Она не ответила. Просто не знала, что сказать.
— Я рад, что ты здесь. Работа — лучшее лекарство.
— Благодарю за участие.
Хорошо бы он поскорее ушел. Но вряд ли. У него явно что-то на уме.
— Ты ведь знаешь, что у меня умерла жена. Несколько лет назад она погибла в автомобильной катастрофе в Калифорнии, когда я был в экспедиции на Гаити. Я-то уж знаю, что тебе пришлось пережить.
— Спасибо, Праймус.
Он прошел в глубь комнаты.
— Ты, я вижу, черепки сортируешь. Какие красивые. Пример того, как люди стремятся украсить даже самые обыденные предметы.
— Да, ты прав.
Когда же он наконец уйдет? Норе вдруг стало стыдно. Он же пришел из самых лучших побуждений. Просто ей уже тошно от всех этих разговоров, соболезнований и сочувствий.

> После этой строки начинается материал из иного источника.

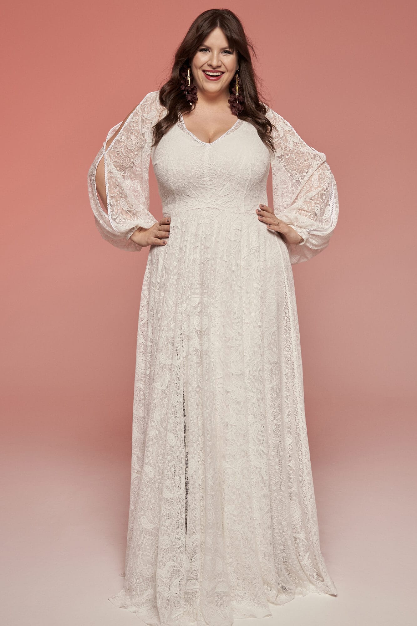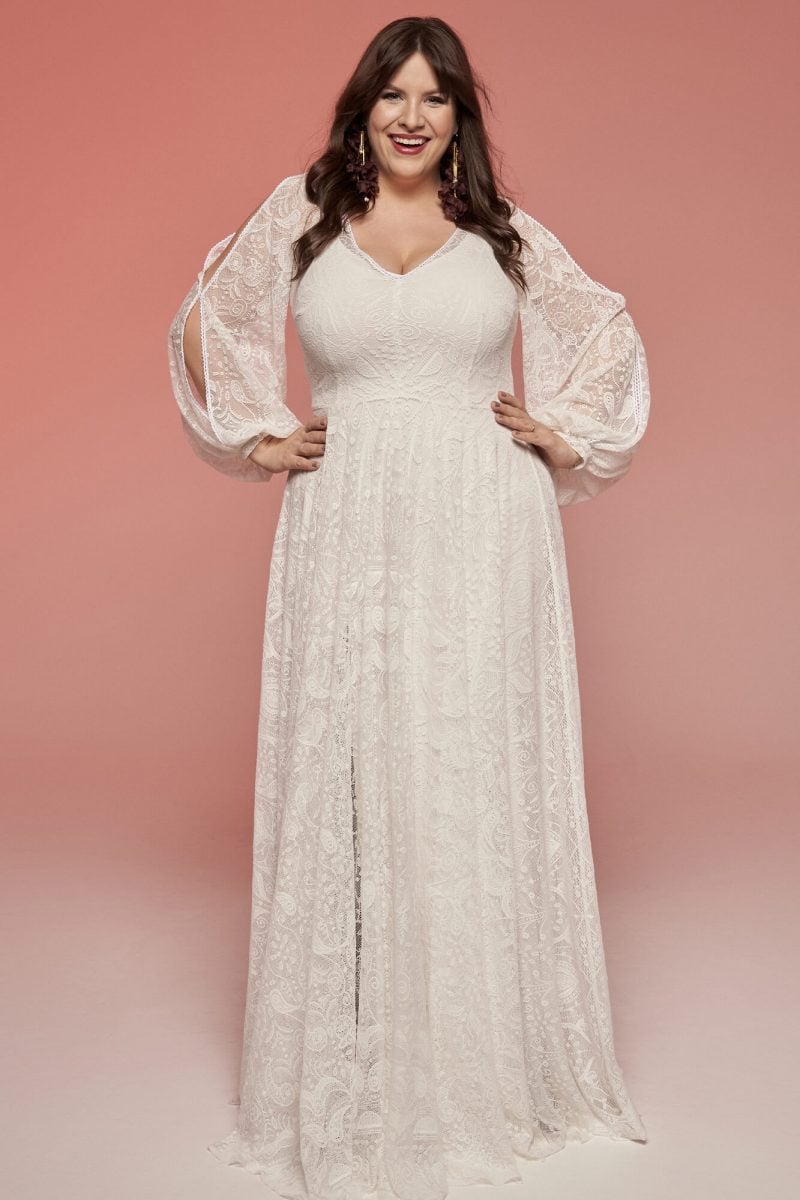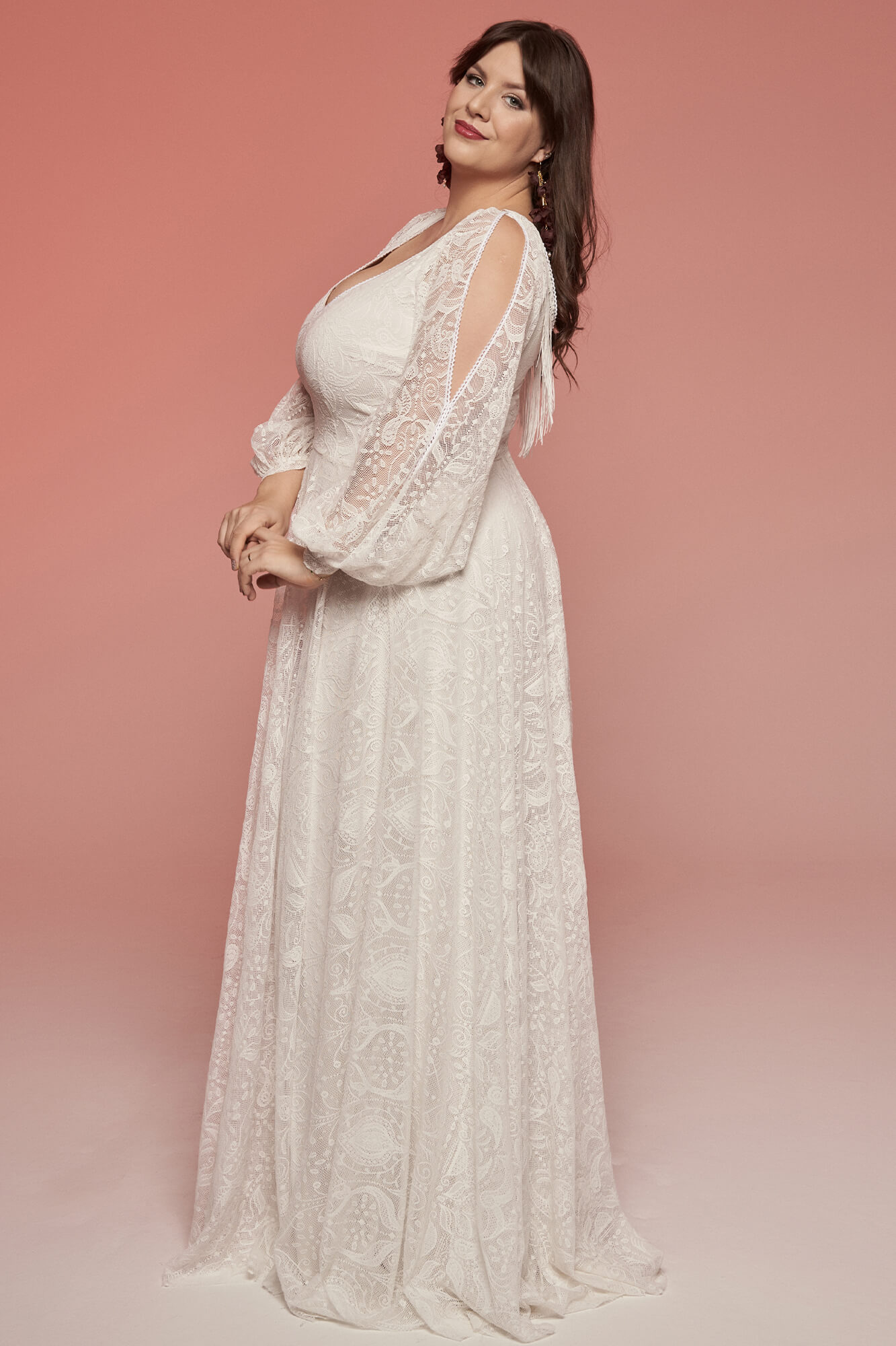 Ta suknia to model wyjściowy - możemy w niej zmienić praktycznie wszystko! Pogłębić lub spłycić dekolt, zmienić jego wykończenie, kształt, dodać lub odjąć falbankę czy frędzle. Rękawy mogą być dłuższe lub krótsze, mieć inny kształt niż te na zdjęciu. Może też nie być ich wcale. Tiul w spódnicy można dodać (lub odjąć) na wierzchu, albo pod spodem. Podszewka może być długa lub krótka w odcieniach bieli i beżu. Rozcięcie na nogę i tren można dodać lub usunąć praktycznie w każdym modelu.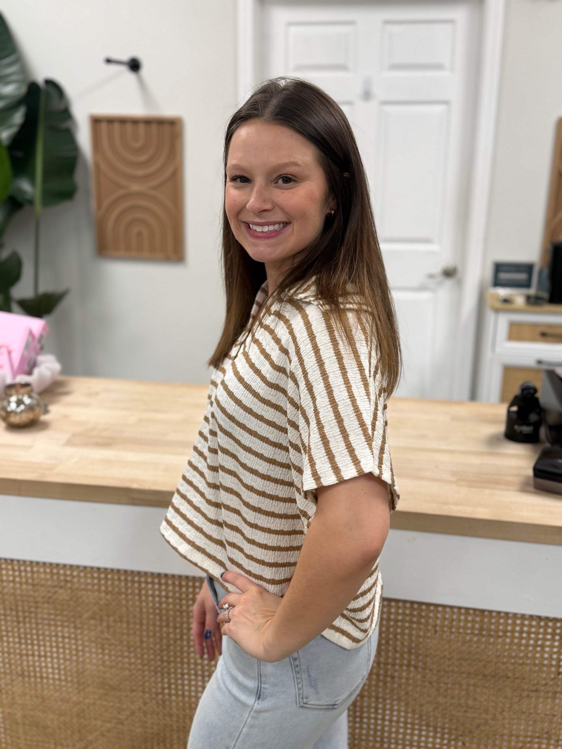 STRIPED SPLIT NECK COLLARED TOP TOTAL BODY LENGTH: 19.5", BUST: 50" approx. - MEASURED FROM SMALL Fabric Contents

— Извини, Нора… — осторожно начал Хорнби. — Но я должен тебя спросить. Ты своего мужа собираешься хоронить или кремировать?
Вопрос был столь неожиданный, что Нора на минуту потеряла дар речи. Конечно, рано или поздно что-то придется решать, но сейчас она к этому не готова.
— Не знаю, — довольно резко ответила она.
— Понимаю.
Хорнби выглядел каким-то испуганным. Нора молча ждала, что последует дальше.
— Я уже говорил, что был на Гаити.
— Да.
— В Дессалайнсе, где я жил, для бальзамирования тел вместо обычной смеси формалина с этиловым и метиловым спиртом иногда используют формалазин.
Разговор приобретал какой-то фантасмагорический характер.
— Формалазин, — повторила Нора.
— Да. Он гораздо более ядовит и неудобен в применении, но они по ряду причин предпочитают именно его. Иногда даже увеличивают его токсичность, добавляя к нему крысиный яд. В некоторых особых случаях — при определенных видах смерти — они просят гробовщиков зашивать мертвецу рот. — Чуть поколебавшись, Хорнби продолжал: — И в таких случаях умерших хоронят лицом вниз, ртом к земле, и с длинным ножом в руках. Иногда им стреляют в сердце или пронзают его куском железа, чтобы… чтобы убить наверняка.
Нора с изумлением уставилась на коротышку. Все знали, что он несколько эксцентричен и серьезно увлечен довольно-таки странными исследованиями, но чтобы дойти до такого…
— Как интересно, — выдавила она из себя.
— Они там в Дессалайнсе придают большое значение погребению. И соблюдают очень строгие правила, хотя обходится это недешево. Правильные похороны могут стоить две-три годовые зарплаты.
— Понимаю.
— Мне действительно очень жаль.
С этими словами куратор развернул принесенную газету и положил ее на стол. Это был утренний номер «Уэстсайдера».
Нора посмотрела на заголовок.
РЕПОРТЕРА «ТАЙМС» УБИЛ ЗОМБИ?
Хорнби постучал по заголовку толстым пальцем.
— Я работал как раз в том районе, где практикуют вуду и обеа.
— А?
Нора с ужасом смотрела на заголовок, не в силах произнести ни слова.